### What the exercise asks:
The part below that opens with the line containing "Nowy system montazu" and closes with the line containing "A dugout rebuild" should be copied exactly, minus any pictures.

### Exercise inputs:
▽

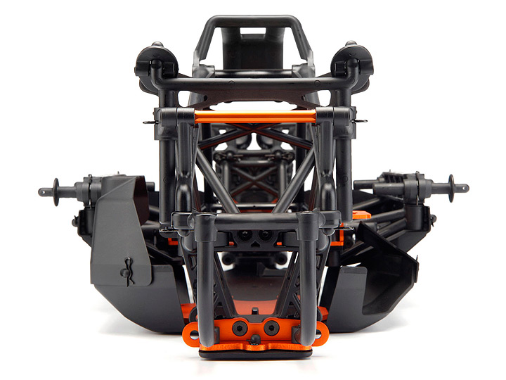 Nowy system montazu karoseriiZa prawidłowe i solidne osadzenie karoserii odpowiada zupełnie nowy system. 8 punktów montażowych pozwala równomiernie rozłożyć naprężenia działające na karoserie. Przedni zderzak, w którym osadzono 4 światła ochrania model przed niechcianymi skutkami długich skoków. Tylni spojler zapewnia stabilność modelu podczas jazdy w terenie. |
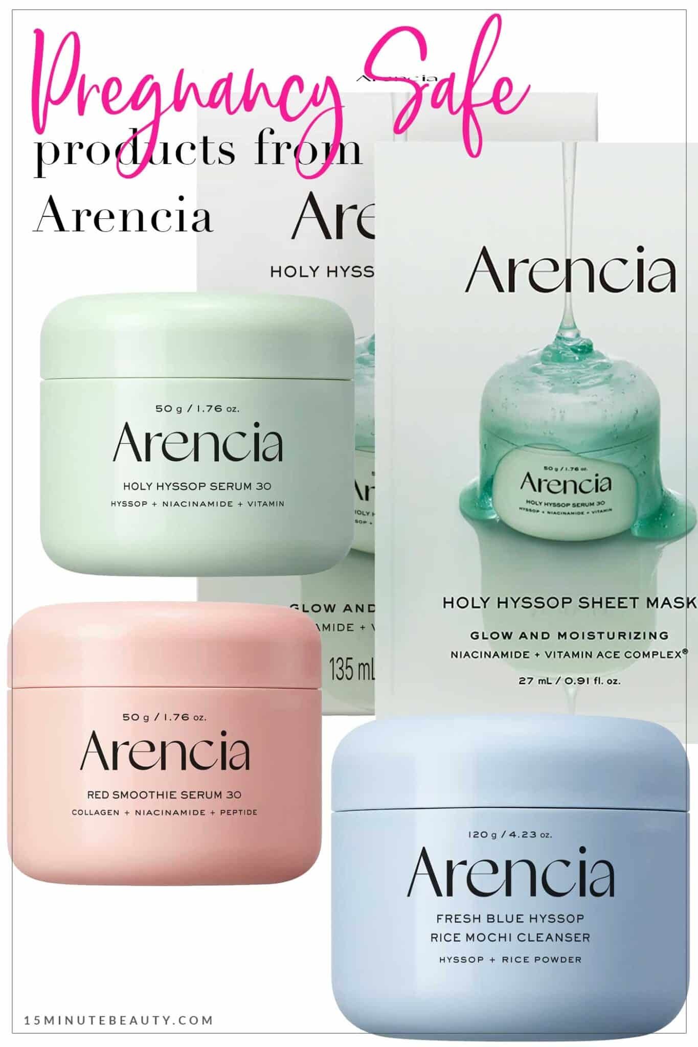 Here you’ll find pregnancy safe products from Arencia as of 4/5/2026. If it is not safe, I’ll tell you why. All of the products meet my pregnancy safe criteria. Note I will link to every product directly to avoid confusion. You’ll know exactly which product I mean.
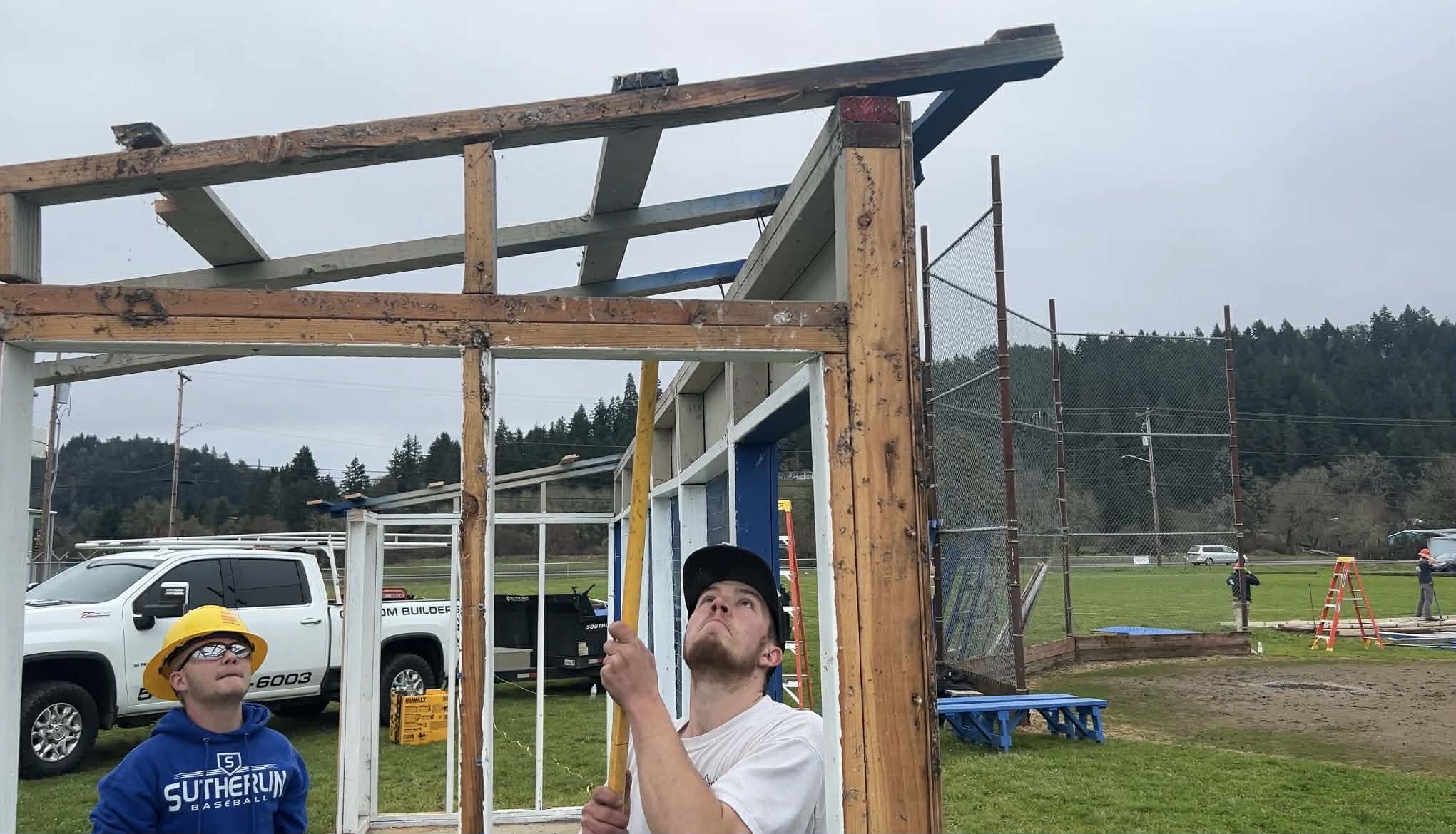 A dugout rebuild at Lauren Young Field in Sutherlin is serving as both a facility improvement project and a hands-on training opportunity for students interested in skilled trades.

△
▽

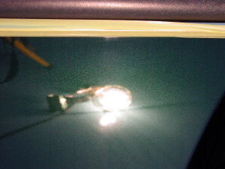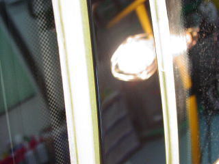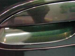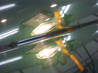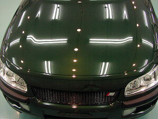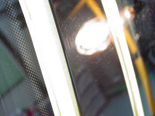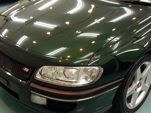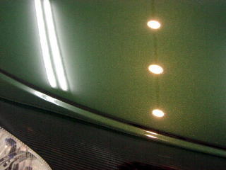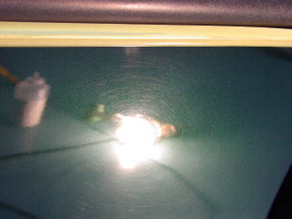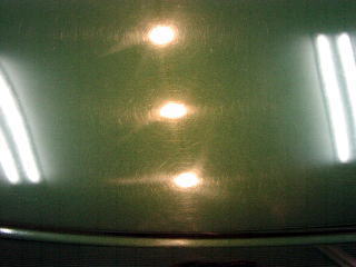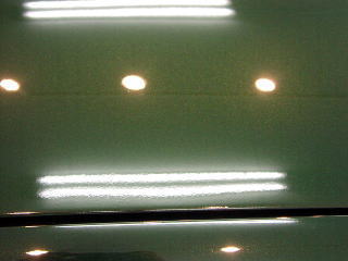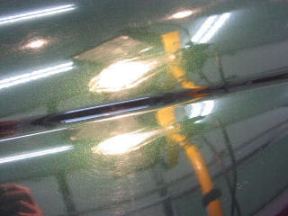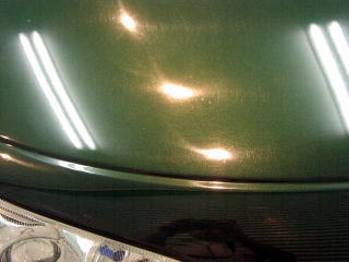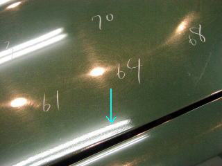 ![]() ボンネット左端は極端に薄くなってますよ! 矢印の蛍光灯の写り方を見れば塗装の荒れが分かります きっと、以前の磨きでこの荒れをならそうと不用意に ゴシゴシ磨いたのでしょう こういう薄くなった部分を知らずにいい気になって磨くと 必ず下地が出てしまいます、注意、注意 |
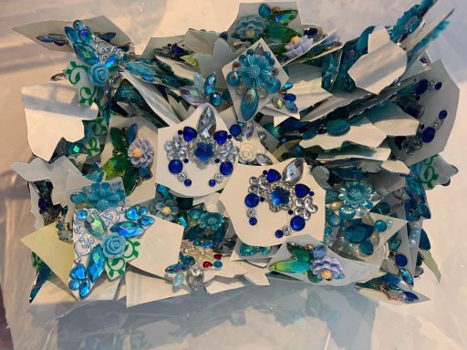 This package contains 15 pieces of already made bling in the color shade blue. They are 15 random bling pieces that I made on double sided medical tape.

△
▽

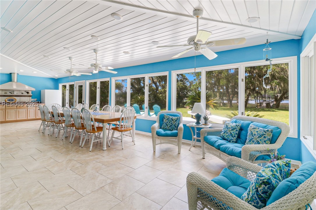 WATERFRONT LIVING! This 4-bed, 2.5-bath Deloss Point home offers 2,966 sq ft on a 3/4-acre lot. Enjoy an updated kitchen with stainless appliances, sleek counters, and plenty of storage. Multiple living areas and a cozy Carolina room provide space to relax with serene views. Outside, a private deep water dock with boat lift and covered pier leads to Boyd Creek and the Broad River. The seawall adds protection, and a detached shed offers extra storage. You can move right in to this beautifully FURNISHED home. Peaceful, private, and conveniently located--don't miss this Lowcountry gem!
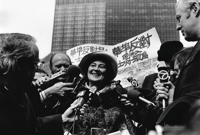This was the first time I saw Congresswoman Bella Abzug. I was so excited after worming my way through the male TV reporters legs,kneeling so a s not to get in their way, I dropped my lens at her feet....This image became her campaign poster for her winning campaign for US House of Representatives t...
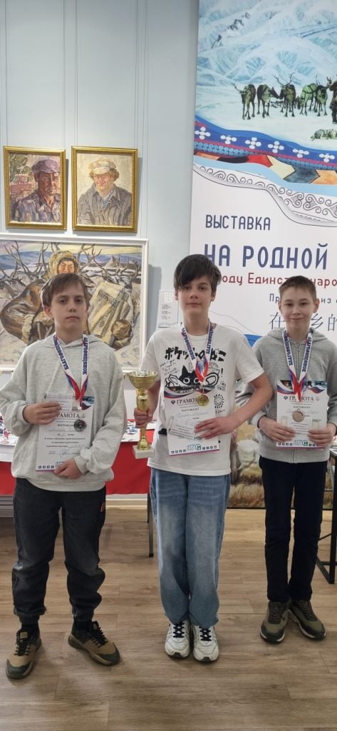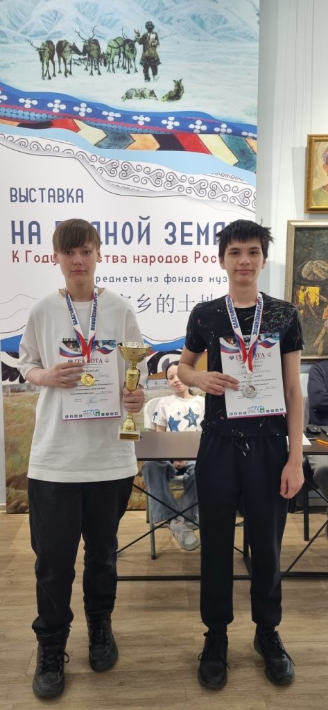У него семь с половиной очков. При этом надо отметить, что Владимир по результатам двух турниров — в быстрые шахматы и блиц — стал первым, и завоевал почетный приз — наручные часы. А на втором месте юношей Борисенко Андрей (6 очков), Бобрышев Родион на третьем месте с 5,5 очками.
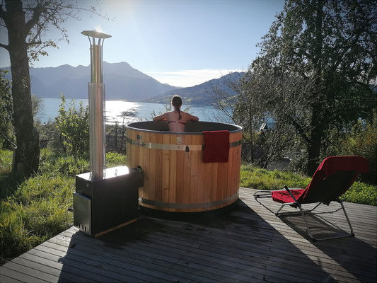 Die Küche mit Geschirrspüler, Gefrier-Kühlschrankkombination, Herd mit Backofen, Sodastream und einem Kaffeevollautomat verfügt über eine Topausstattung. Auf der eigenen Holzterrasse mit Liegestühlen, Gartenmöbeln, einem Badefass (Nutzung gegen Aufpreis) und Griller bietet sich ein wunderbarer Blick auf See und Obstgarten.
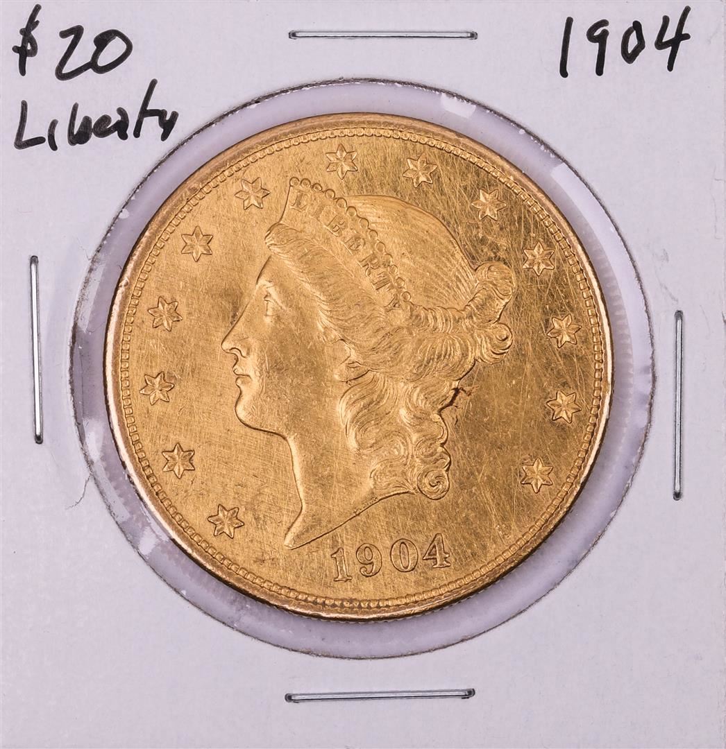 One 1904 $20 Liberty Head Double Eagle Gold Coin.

△

### Exercise solution:
 Nowy system montazu karoseriiZa prawidłowe i solidne osadzenie karoserii odpowiada zupełnie nowy system. 8 punktów montażowych pozwala równomiernie rozłożyć naprężenia działające na karoserie. Przedni zderzak, w którym osadzono 4 światła ochrania model przed niechcianymi skutkami długich skoków. Tylni spojler zapewnia stabilność modelu podczas jazdy w terenie. |
 Here you’ll find pregnancy safe products from Arencia as of 4/5/2026. If it is not safe, I’ll tell you why. All of the products meet my pregnancy safe criteria. Note I will link to every product directly to avoid confusion. You’ll know exactly which product I mean.
 A dugout rebuild at Lauren Young Field in Sutherlin is serving as both a facility improvement project and a hands-on training opportunity for students interested in skilled trades.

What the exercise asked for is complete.